I woke up this morning with an extreme sense of calm. Yesterday just before noon, I was called into Human Resources. I was so pre-occupied with everything else going on in my life … see previous post about my farm. So as I’m listening to how my company is having to make payroll cuts, I say to myself, ok they’re cutting my salary, that’s ok, I’m a saver, I can get by. And then it hits me—they’re laying me off.
As I sat there looking numbly at this woman, all I could think was, it must suck to do her job. She kept asking if I had any questions. My only question was whether I would get my vacation paid out. As I was escorted back to my desk to clean out and leave, I looked at my computer and thought, “I don’t have to call that person back, I don’t have to sit in on that meeting tomorrow, I don’t have to book that flight.” I actually had to control my emotions to keep from smiling. This is what I’ve been waiting for.

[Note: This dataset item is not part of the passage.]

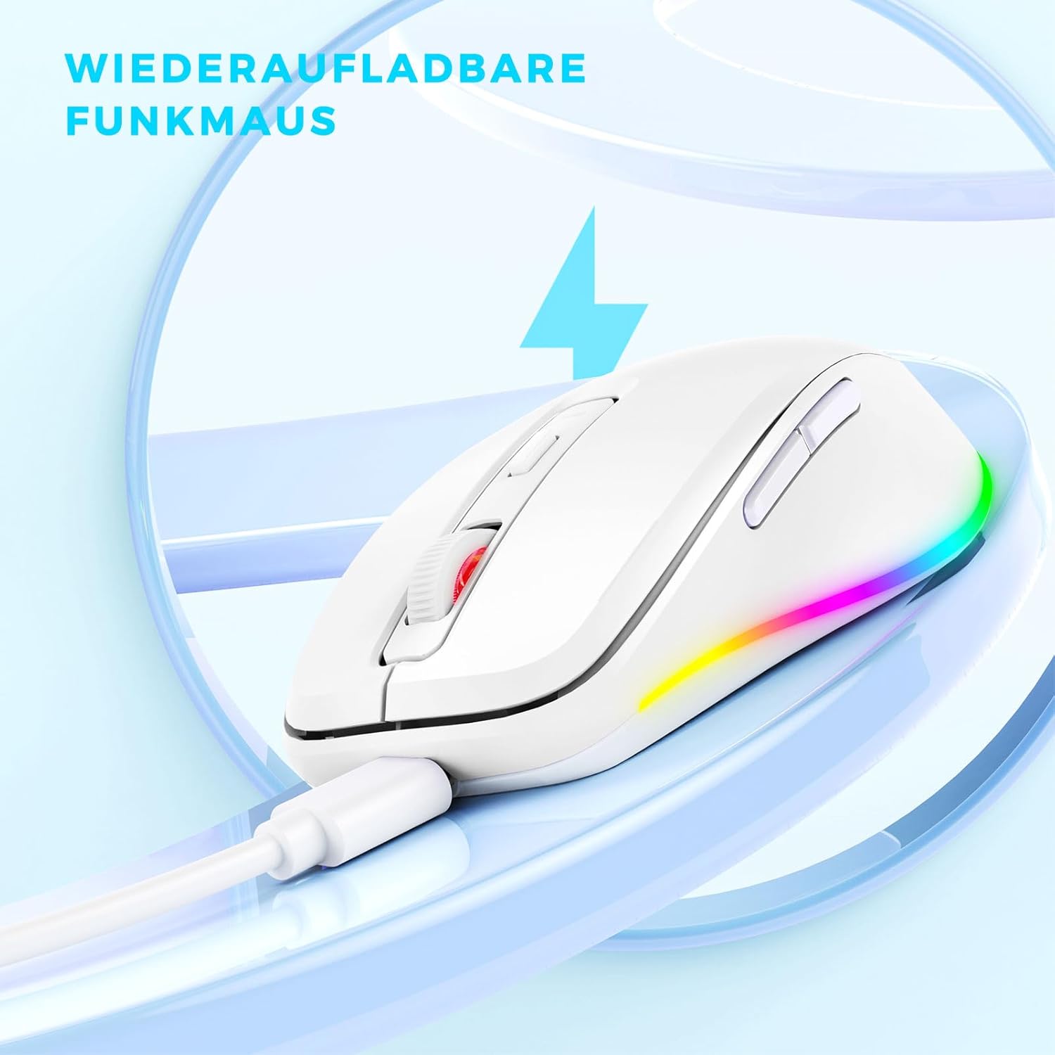 Безжична мишка seenda с LED презареждаща се мишка с мишка Jiggler, тиха 2.4G USB безжична мишка за лаптоп, компютърна безжична мишка с осветена DPI 2000 за PC, Windows, Mac OS (бяла)

I’ve watched three layoffs in my almost seven years with this company and I kept saying, I hope when it’s my turn, it happens in summer. I walked out of the building yesterday to 70 degrees and sunshine. I’m being let go with eight weeks severance and three weeks (and three days) vacation. That’s nearly three months! In summertime!
Those that know me could predict that the first thing I did was register for unemployment. Of course I did, I’m no dummy. With unemployment benefits and severance, I’m going to be able to make it for a year without dipping into my savings. The only downside is that my insurance will end on May 31. I’m a pretty healthy person, so I’m willing to take that gamble.
Today as I woke up with the sun and went about my normal routine, all I feel is freedom. Maybe I’ll take a trip to LA to visit my pregnant friend. Maybe I’ll take a job on the boardwalk and relive my early twenties. Maybe I’ll visit grandmom once a week without the pressures of a regular schedule.
This was probably supposed to devastate me, but I wasn’t the only one. There were seventeen of us let go yesterday. It’s not a reflection of my performance, it’s simply the world we live in today. I get to start over again; I get to figure out what I want out of a career. Maybe I’ll move down to Tennessee and take over my dad’s farm. (Again see previous blog).
Life is truly what you make of it. I could spend days crying and stressing or I could just smile and enjoy the time off. I’m off to the boardwalk to enjoy this beautiful sunny day.